И он уже залез в карман, подлец, и достал исписанную убористым почерком толстую тетрадь.
– Значит, вы пишете стихи? – мрачно спросил Чигринский, исподлобья косясь на гостя.
– Да.
– А почему не прозу?
Арапов удивленно взглянул на композитора.
– Почему не прозу? Почему… почему… Любопытный вопрос! Потому что проза… понимаете… проза жизни… нечто низменное, да? В конце концов, прозой может писать любой, в то время как поэзия…
– Нет, – отрезал Чигринский. – Не любой. – Однако он был достаточно светским человеком, чтобы все же выдавить из себя подобие любезной улыбки. – Значит, стихи… Н-да-с. И много стихов вы напечатали, милостивый государь?
Арапов как-то замялся, и два розовых пятна проступили на его щеках.
– По правде говоря… В наше время…
Больше он ничего не сумел сказать и поднял на Чигринского умоляющий взор. Но скрестивший руки на груди композитор был неумолим, и так же неумолим (почудилось Арапову) был лоснящийся рояль, к которому прислонился хозяин.
– Да-с? – мягко спросил Чигринский.
– Начинающему очень трудно напечататься, – пробормотал Арапов, пряча глаза. – Редакторы в журналах печатают только своих знакомых… и издатели тоже… В наши дни человеку, который чувствует в груди жар поэзии, пробиться сквозь эти косные ряды почти невозможно… невероятно сложно… Я знаю, о чем говорю, потому что столько раз пытался…
И, решив, что он достаточно высказался, посетитель раскрыл тетрадь и откашлялся.
– Стихотворение первое. «К морю».
…Тут Чигринский понял, что ему придется или убить студента прямо здесь, на месте, или покориться своей участи.

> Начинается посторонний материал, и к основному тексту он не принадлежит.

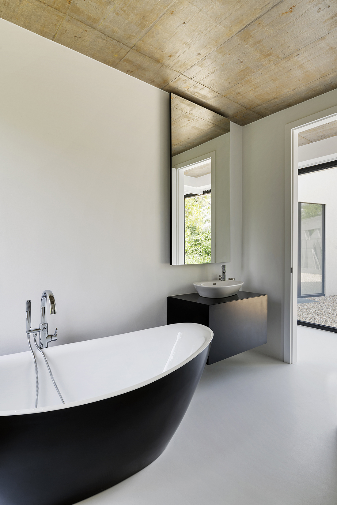 The house harmonizes with its surroundings through its scale and geometric design. Built in a contemporary style, the villa’s minimalist exterior contrasts with its warm, bohemian interior, making it a welcoming and livable space for families with young children. Constructed in two stages over nearly a decade, the house embodies a modular approach to design, prioritizing flexibility and financial efficiency.
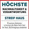 Die hohe Wertigkeit und Langlebigkeit eines STREIF-Energiespar-Hauses werden durch zahlreiche Auszeichnungen, Qualitäts- und Gütesiegel unabhängiger Institute und Verbände dokumentiert.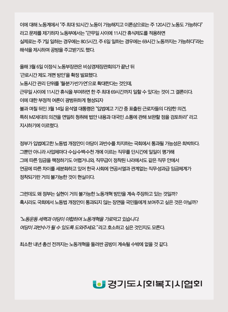 올해 3. 6. 이정식 노동부장관은 비상경제장관회의가 끝난 뒤 ‘근로시간 제도 개편 방안’을 확정 발표했다. 노동시간 관리 단위를 ‘월·분기·반기·연’으로 확대한다는 것인데, 근무일 사이에 11시간 휴식을 부여하면 한 주 최대 69시간까지 일할 수 있다는 것이 그 결론이다. 이에 대한 부정적 여론이 광범위하게 형성되자 불과 며칠 뒤인 14일 윤석열 대통령은 “입법예고 기간 중 표출된 근로자들의 다양한 의견, 특히 MZ세대의 의견을 면밀히 청취해 법안 내용과 대국민 소통에 관해 보완할 점을 검토하라”라고 지시하기에 이르렀다.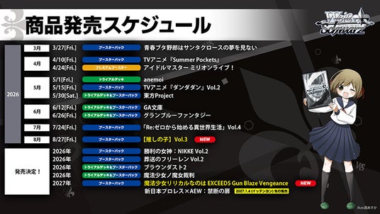 株式会社ブシロード(本社:東京都中野区、代表取締役社長:木谷高明、以下、ブシロード)は、2026年3月25日(水)に「ブシロードTCG戦略発表会2026 春」を開催し、ヴァイスシュヴァルツの今後の展開を発表しましたことをご報告いたします。
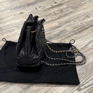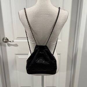 CHANEL Gabrielle Mini Backpack Chain Bag in Quilted Black Leather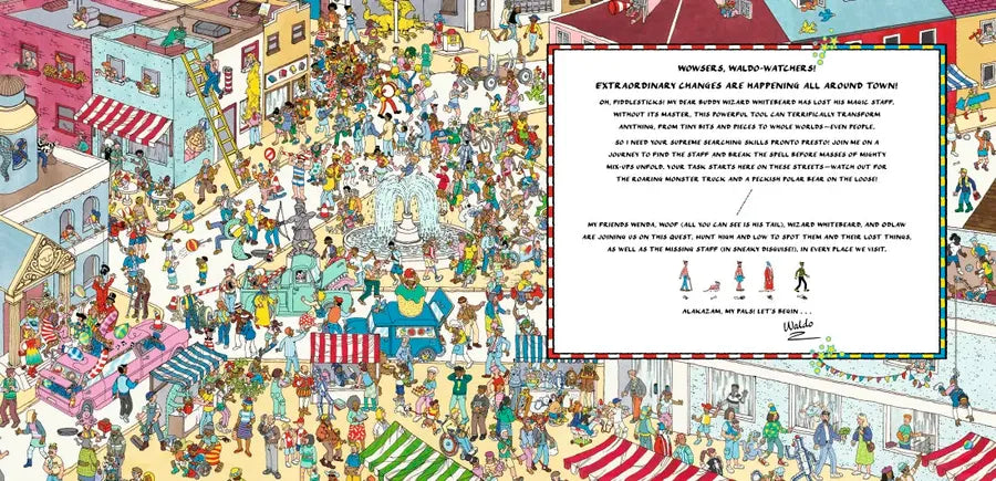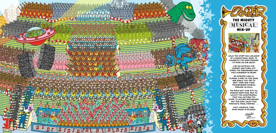 Wizard Whitebeard has lost his magic staff, and it’s stirring up mischief everywhere. Dragons are making a spectacle at the seaside, robots have crash-landed in the Stone Age, dinosaurs are wandering in the Wild West, there’s a sticky situation at a castle made of cake . . . The magical mayhem seems unstoppable! Follow Waldo and his friends on a quest to find the sneaky staff and unravel this mighty mess. With twelve marvelously mixed-up scenes and hundreds more things to look for, Where’s Waldo? The Mighty Magical Mix-Up is a truly mesmerizing search adventure.

В первом случае, разумеется, придется отвечать по всей строгости закона, во втором – страдать молча, причем неизвестно, сколько времени, потому что тетрадь была чертовски толстой и за первым стихотворением неизбежно должны последовать второе, третье и сто третье.
«Господи, – в смятении подумал Чигринский, – и чем я только провинился?..»
Тоскуя, он уставился на стену, потом на кисть от пояса, затем принялся вертеть ее, стал вертеть и вторую кисть, причем в противоположном направлении, но все было бесполезно – подвывающим голосом, по последней поэтической моде, юный непризнанный гений продолжал читать свои стихи.
По правде говоря, Чигринский крепился долго – до пятого стихотворения, озаглавленного «Прекрасной», – но сейчас он просто не выдержал.
– Простите, Иван Ильич, но «тебя» и «меня» не рифмуются, – сухо заметил он.
Модест Трофимович Арапов поднял глаза на собеседника, и в лице его мелькнуло – да, Чигринский готов был в этом поклясться – нечто вроде снисхождения к композитору, который, даром что без пяти минут гений, ну ничегошеньки не понимал в современной поэзии.
– Рифмуются, – с восхитительной самоуверенностью объявил стихотворец.
– Не рифмуются. – Чигринский стиснул челюсти, на скулах его ходуном заходили желваки.
– Милостивый государь, – уже сердито промолвил студент, – если даже сам Пушкин в «Евгении Онегине» не стесняется рифмовать «колеи» и «земли…»
– Так то Пушкин, – отвечал безжалостный ретроград Чигринский. – Он срифмует корову и полено, с него станется.
– Но…
– Потому что он Пушкин, и обставит он все так, что это действительно будет восприниматься как рифма. А «тебя» и «меня» – не рифма.
В светлых глазах студента вспыхнула совершенно отчетливая злоба.
– Позвольте вам заметить, что Пушкин давно умер, – еле сдерживаясь, проговорил он. – Поэзия с тех пор шагнула далеко вперед!